The study of the polytopes is motivated by
curiosity and also the fact that they point us precisely in the direction of the use of left modules. Here
is what we know so far about the composihedra, CK(n).
See Paddy McCrudden, Balanced Coalgebroids,
Theory and Applications of Categories, Vol. 7, No. 6, 2000, for some of these
in the axioms for pseudomonoids.
In fact, there is a lot more to tell. Most importantly is the existence of facet inclusions:
K(k) x CK(j_1) x ... x CK(j_k) into CK(n) where n is the sum of the j_i.
This is the left module structure.
Recall that A_n spaces are not quite topological groups, or even monoids. Their multiplication is only associative
up to homotopy. Stasheff showed that we can recognize them by finding an action of the associahedra, K(i) for i = 1 to n.
The classic example of course is the loop space of a space, which is an A_n space for all n. Recall that A_n maps are not
quite homomorphisms. They respect the multiplication of the A_n spaces up to homotopy. In the following slide we present a
very brief introduction to the literature on A_n maps. [B V] is the lecture notes on
"Homotopy invariant algebraic structures" of Boardman and Vogt, and [I M] is the paper "Higher homotopy associativity" by Iwase and Mimura.
Category theorists may recognize the shape of these multiplihedra J(i) as being the gluing together of the source and target for the axiom
which must be satisfied by a morphism of categories, bicategories, and tricategories for i = 2, 3, and 4 respectively
(see Tom Leinster's paper "Basic bicategories" and of course Gordon, Power and Street's paper "Coherence for tricategories.") The
J(i) do form an operad bimodule over the K(i), which relates this talk to the topic of the presentation of Katheryn Hess
at this conference.
Note that taking Y to be associative instead will cause the J(n) to collapse to become the K(n), a case considered by
Stasheff and by Boardman and Vogt. The case in question here was at first assumed to be the same, but the J(n) are not quite symmetric enough--thus our new family of polytopes.
[J.L.L.] is Jean Louis Loday's paper on realizing the associahedra.
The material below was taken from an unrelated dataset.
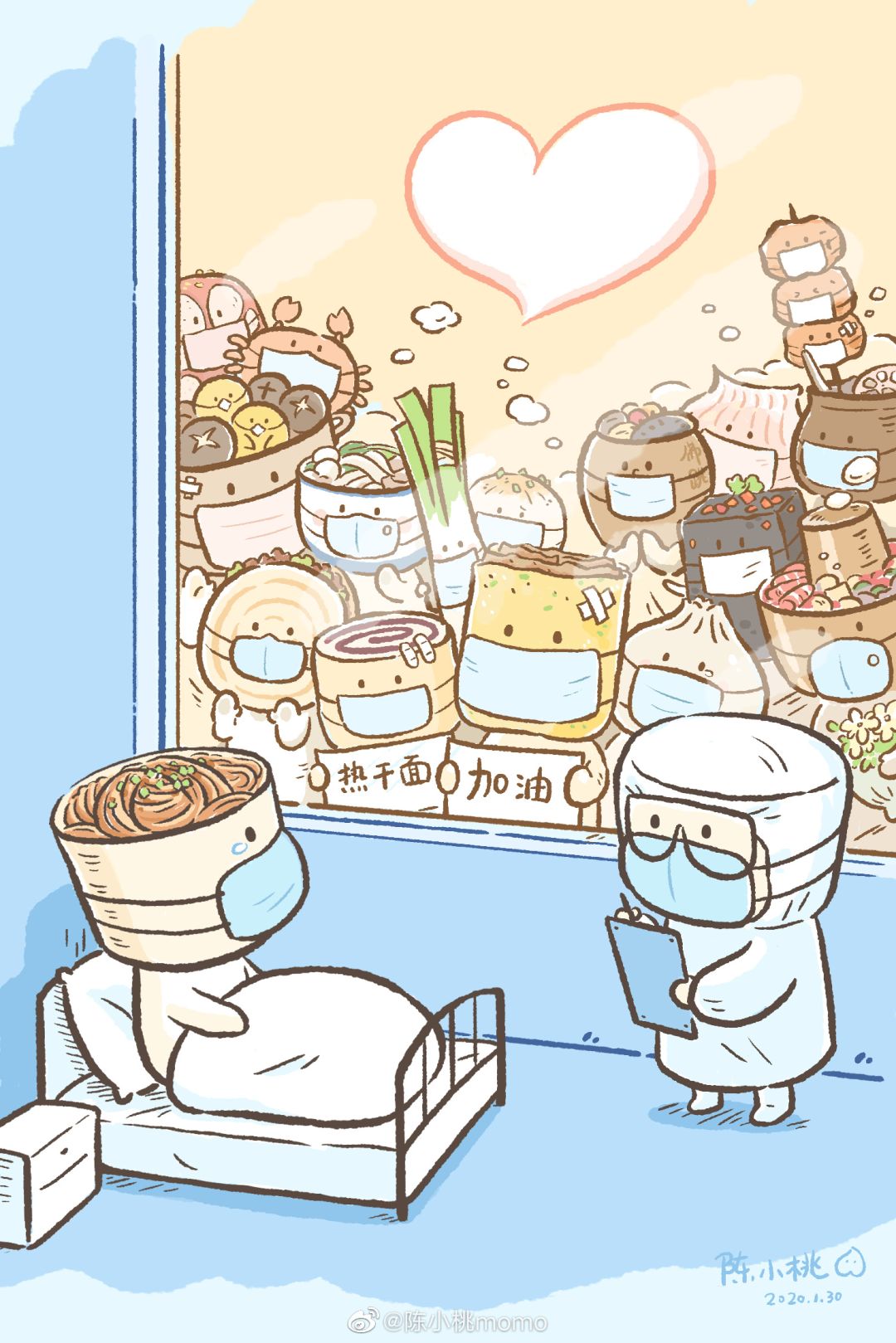 26岁的陈雨婷在自己微博上发送了一张后来被“刷屏”的漫画。画面中,煎饼果子、小笼包、火锅等一群美食卡通人物在为“热干面”加油鼓劲。“画一张温暖的画,相信一切都会好起来”,这就是她画这幅画的初衷。
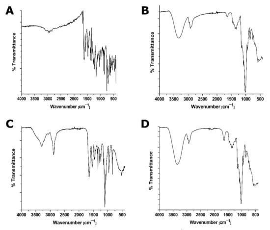 The FT-IR measurements were performed by a Brucker α-alpha FT-IR instrument (Bruker Optic, Ettlingen, Germany) with an attenuated total internal reflectance diamond crystal. The neat solid samples were placed directly on the diamond crystal, after which the adjustable pressure arm was positioned over the sample to press it gently. FT-IR spectra were recorded in the transmission mode from 4000 to 400 cm−1 [36].

He proves the equality by which we can realize the K(n)
as a convex hull. The corresponding equalities for the J(n) and CK(n) are not yet proven. Experimentally they do hold up, as
evidenced in the next few pictures. The last two, labeled 10 and 11, are Schlegel diagrams of CK(5) and J(5) respectively. They were generated by polymake, as was the title page of this presentation.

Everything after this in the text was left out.